Huawei executives said they were confident that the Chinese telecommunications equipment company would eventually make huge strides in the US market, even though security concerns have persistently frustrated the company’s momentum there.

The Chinese group has recently met with objections in Washington to talks over a potential equipment deal with Sprint Nextel, the US telecommunications carrier.

In an interview with the Financial Times, Charlie Chen, Huawei’s senior vice-president for marketing in the US, said free market principles ensured that the group would work with a major US carrier, a goal that has remained elusive.

“It may take a long time. It may take three or five or 10 years, it doesn’t matter, we’ll get there,” he said.

Huawei said it had not officially been notified by Sprint whether speculation in Washington that the Chinese company was no longer in contention for a major equipment contract because of US security concerns was accurate.

Sprint declined to comment on the status of the deliberations, but according to an official in President Obama’s administration, Dan Hesse, the company’s chief executive, was approached by Gary Locke, commerce secretary, this month about the government’s concerns about a potential deal between Huawei and Sprint.

Losing out on a major equipment bid would represent the last in a series of defeats for the company, which in effect was blocked from acquiring 3Com in 2007 and this year lost bids for a unit of Motorola and a company called TwoWire. People familiar with the deals said concerns about the political fall-out of the transactions and security concerns in Washington played a role in each.

Bill Plummer, a Washington-based Huawei executive, insisted that US security agencies were chiefly concerned by cybersecurity issues in general and not about Huawei specifically.

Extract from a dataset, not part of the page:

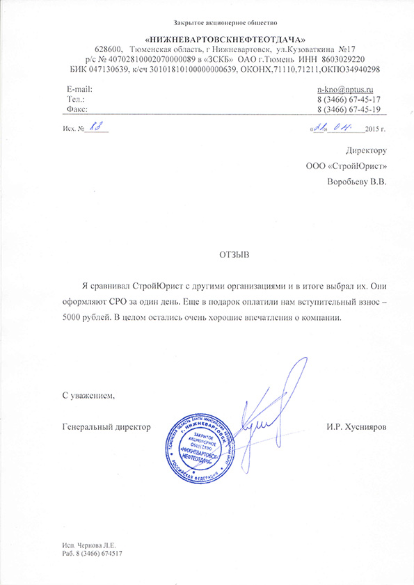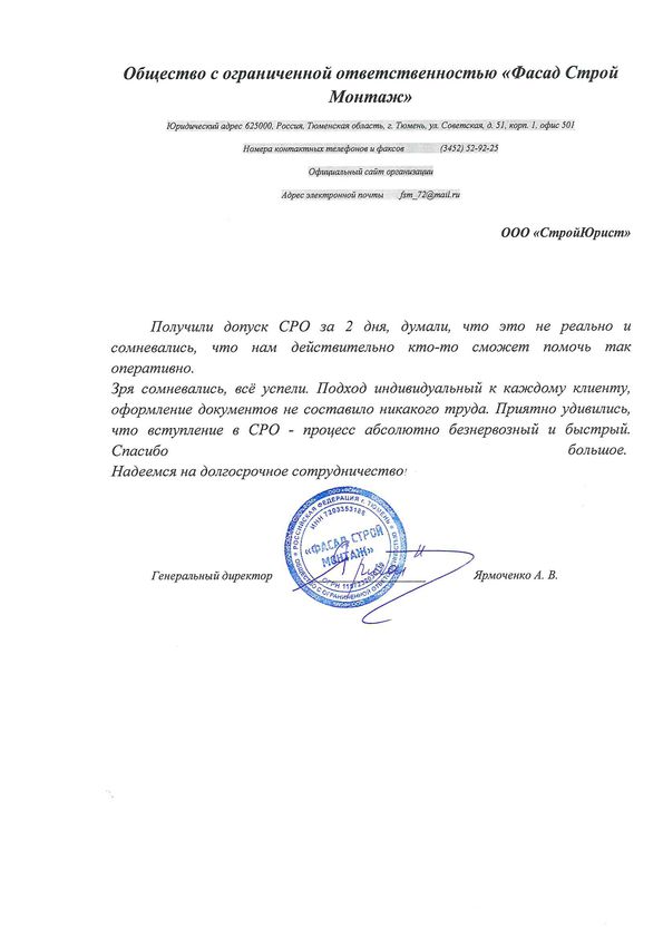 Отзывы клиентов "СтройЮрист" по вступлению в СРО в Кисловодске

“The interdependence of the supply chain is just now beginning to be understood in this town,” Mr Plummer said, pointing to the fact that even US companies are manufacturing all of their equipment in China and other countries.

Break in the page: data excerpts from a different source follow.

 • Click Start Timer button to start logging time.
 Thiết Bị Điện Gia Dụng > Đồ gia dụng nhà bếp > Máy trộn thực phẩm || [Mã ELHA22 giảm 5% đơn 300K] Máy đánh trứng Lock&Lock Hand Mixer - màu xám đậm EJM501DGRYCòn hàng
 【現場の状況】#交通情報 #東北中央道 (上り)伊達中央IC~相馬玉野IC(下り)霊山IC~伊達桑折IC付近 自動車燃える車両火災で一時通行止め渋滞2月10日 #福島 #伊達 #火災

But that view is not necessarily shared by security officials. One person close to the Sprint talks said the fact that other equipment makers also manufacture products in China would not help US officials overcome their resistance to Huawei because there was a lack of trust about the company’s intentions.

In the face of another potential upset, Huawei said US customers were the ultimate losers.

“We have no visibility into Sprint’s decision making process, if some non-commercial factor comes into play it is really truly to the detriment of competition in the US, and US jobs and US livelihood,” said Mr Plummer.